I have to sympathize with modern young filmmakers. Sam Raimi, Tobe Hooper and Wes Craven really used up most of the original microbudget horror concepts. I’m not saying Dead Body is the next Evil Dead, but I applaud them for putting their own stamp on the cabin in the woods horror.
A party game turns real when a group of high school graduates start playing the murder mystery Dead Body, in which players draw cards to find out if they are the murderer or the victim. They quickly discover someone is really killing all of them.
First we are introduced to a whole lotta bodies for fodder. Dominic (Jay Myers) thought he was only inviting Ilsa (Rachel Brun) over, with the two Japanese exchange students (Koe Sakuta and Miho Aizawa) he’s stuck with. But Ilsa invited many more, including Dwayne (Cooper Hopkins), Sarah (Leah Pfenning), Marcus (Spencer Hamp), Rumor (Nick Morden) and Eli (Nathan Pringle). Dominic isn’t happy but it’s more fun for us when the murders begin.

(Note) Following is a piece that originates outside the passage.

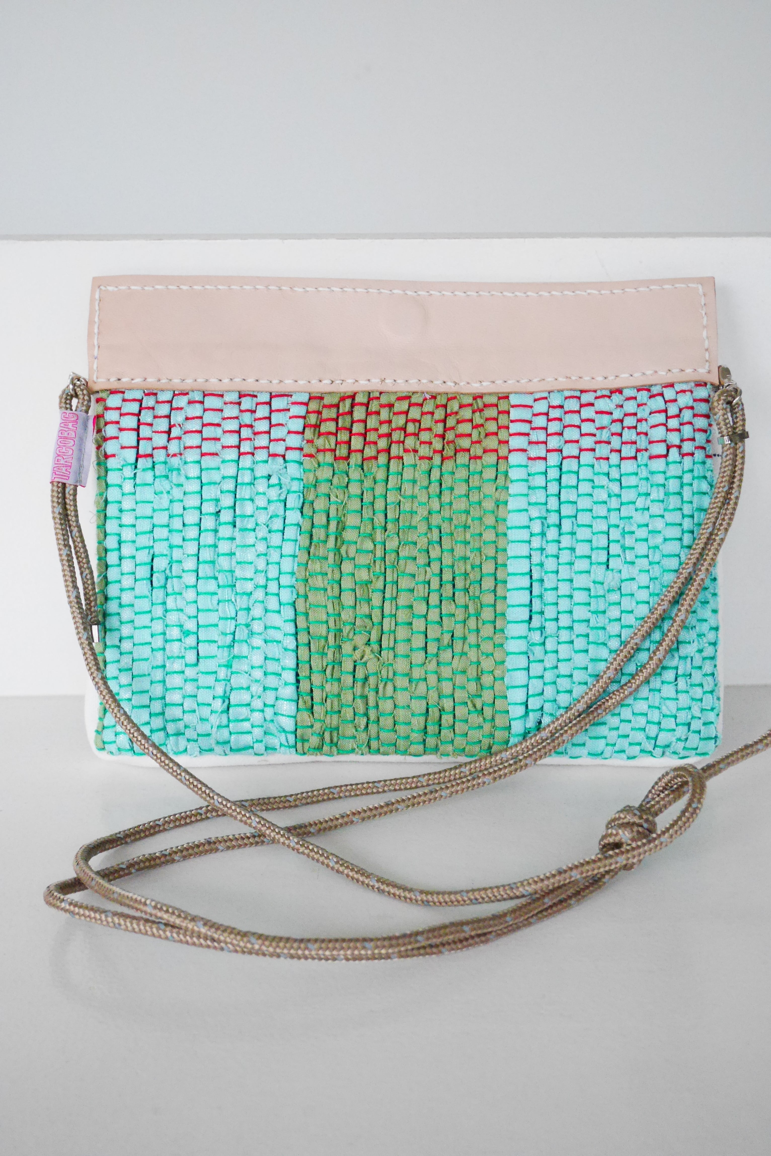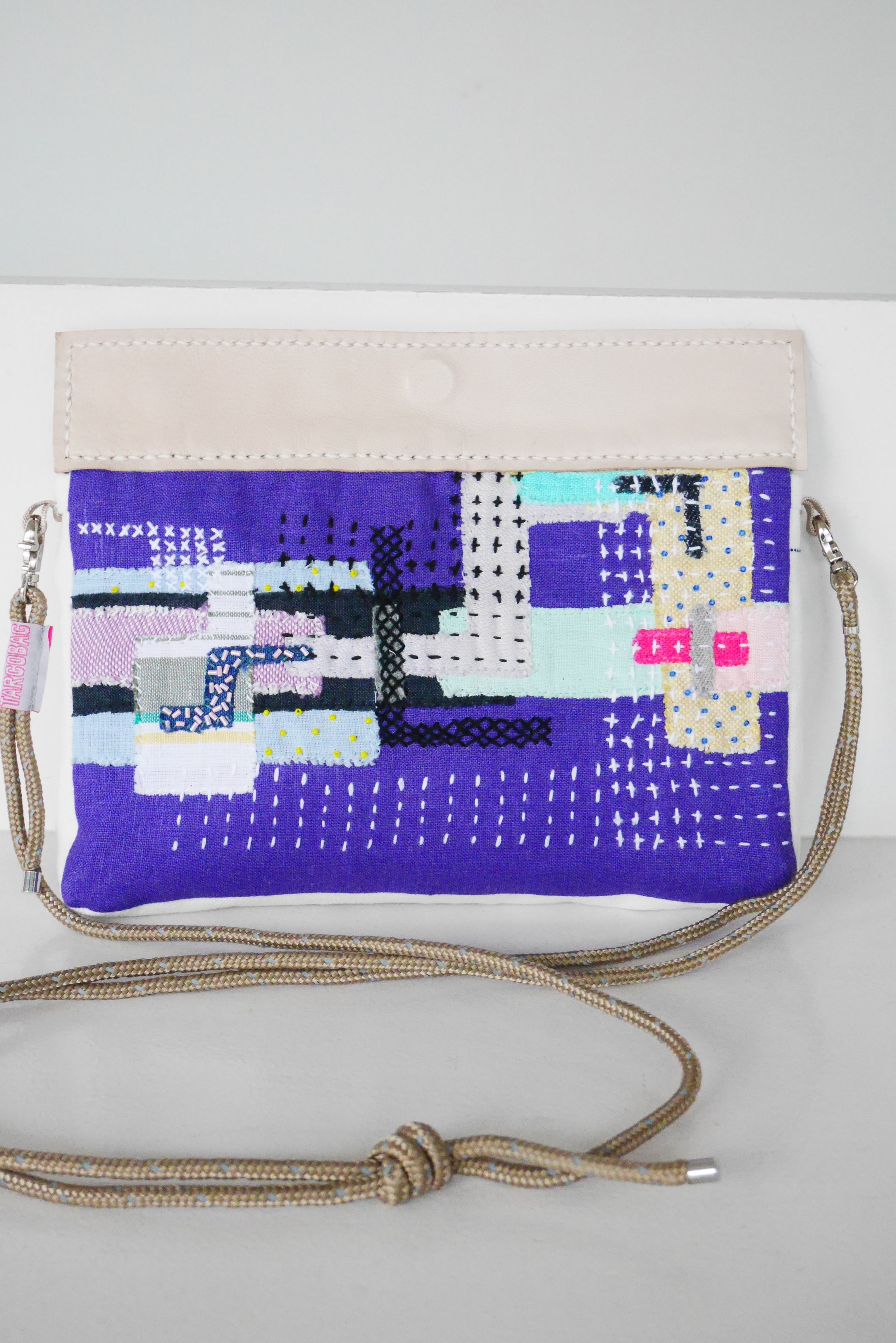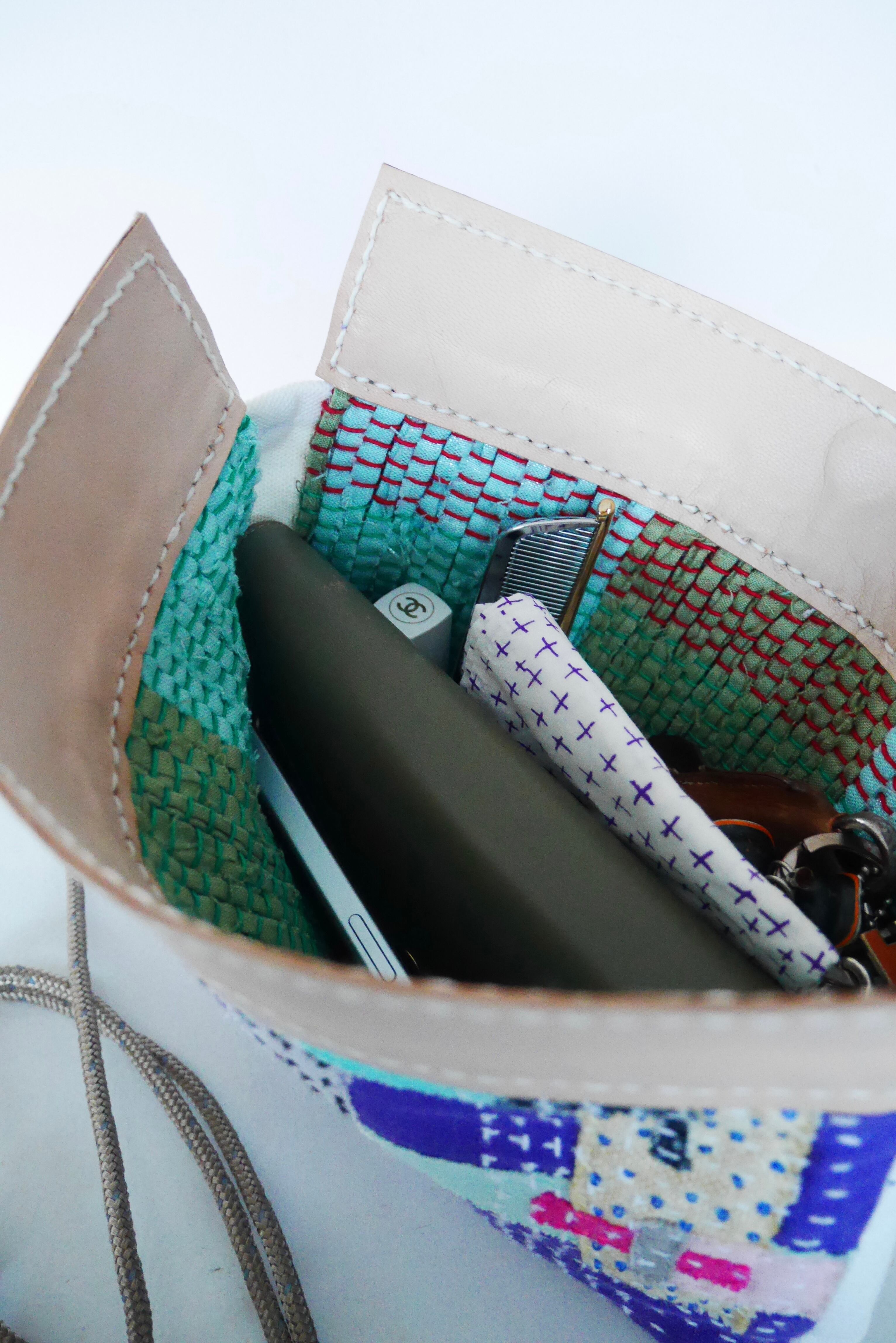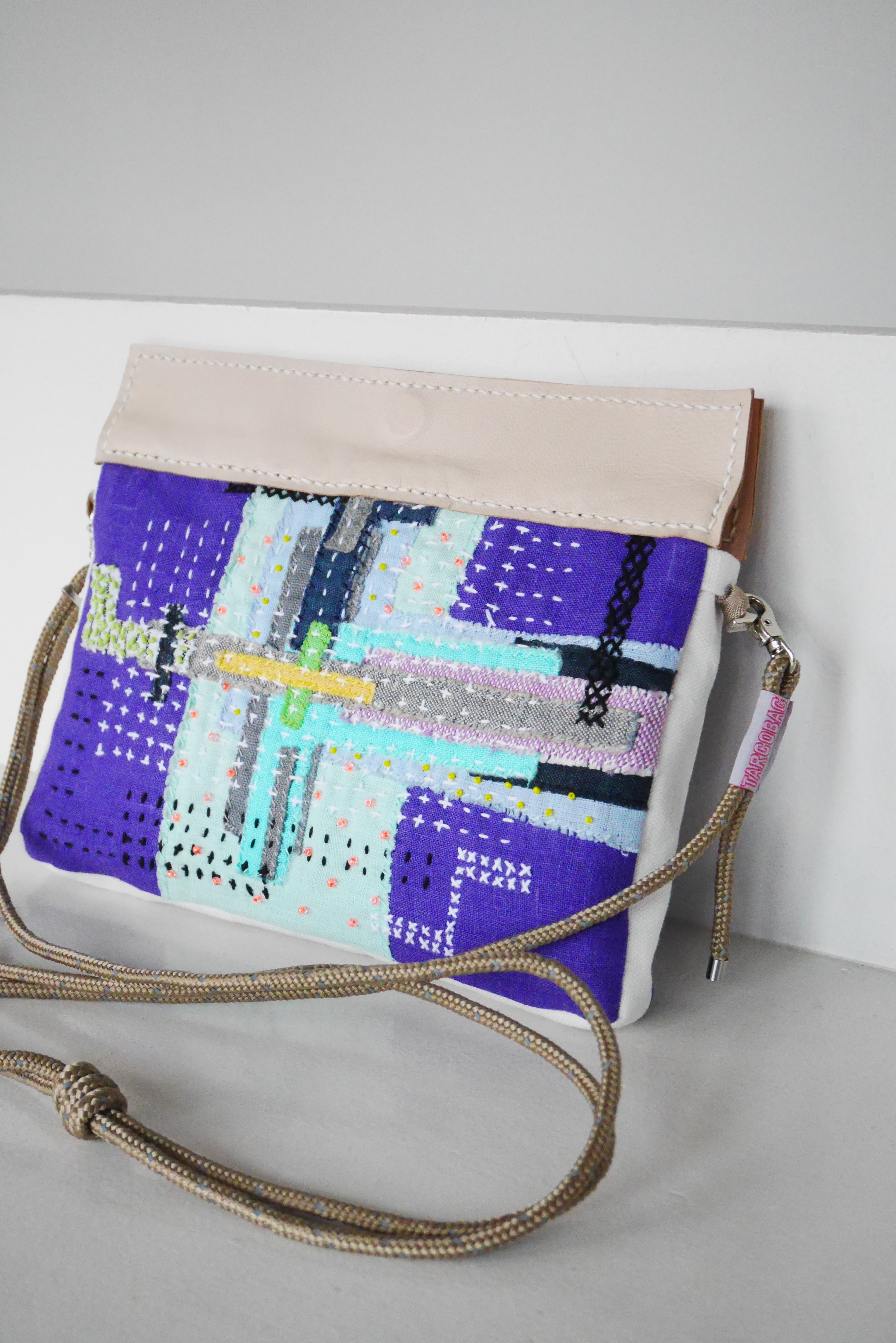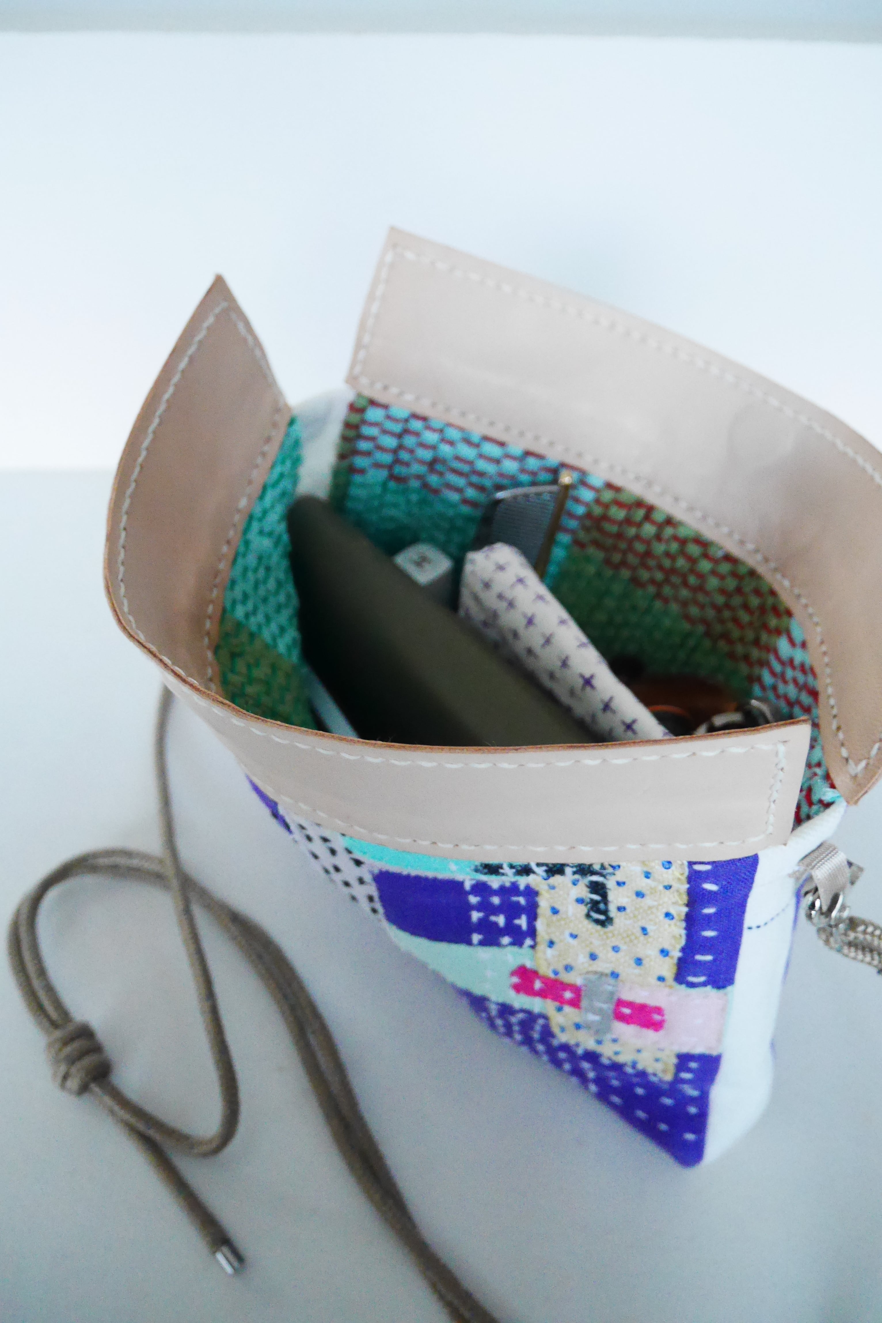Materials:linen fabric(reversible, handwoven), canvas, leather, glass beads, original rope

The point of the game Dead Body is to make friends manipulate each other and reason through the mystery. When it happens for real, the paranoia is really effective, leading many of the innocent characters to kill the wrong people. Their reasoning is smart based on the information they have, and the way they debate their decisions is scarier than the murders, because you realize you would be vulnerable to that line of reasoning too.
The cast convincingly portrays the trauma and panic of finding their friends murdered and trying to stay alive. It’s also sweet to see them awkwardly connect like real teenagers in the beginning. The red herrings are delicious because they’re so perfect they just have to be decoys.
While I may have had a good guess as to who the real killer would be, the motive was a real surprise. It’s all their in the setup. How didn’t I see it? It is effectively dismissed so that it doesn’t stand out too early.
Director Bobbin Ramsey gets some good shots in the woods with beams of light shooting through smokey, frosty night. There’s a lot of fun gore in the murders as well.
Hopefully Dead Body will find a distributor out of its film festival showings. I’d like to see more from Ramsey, the cast and writers Ian Bell and Ramon Isao.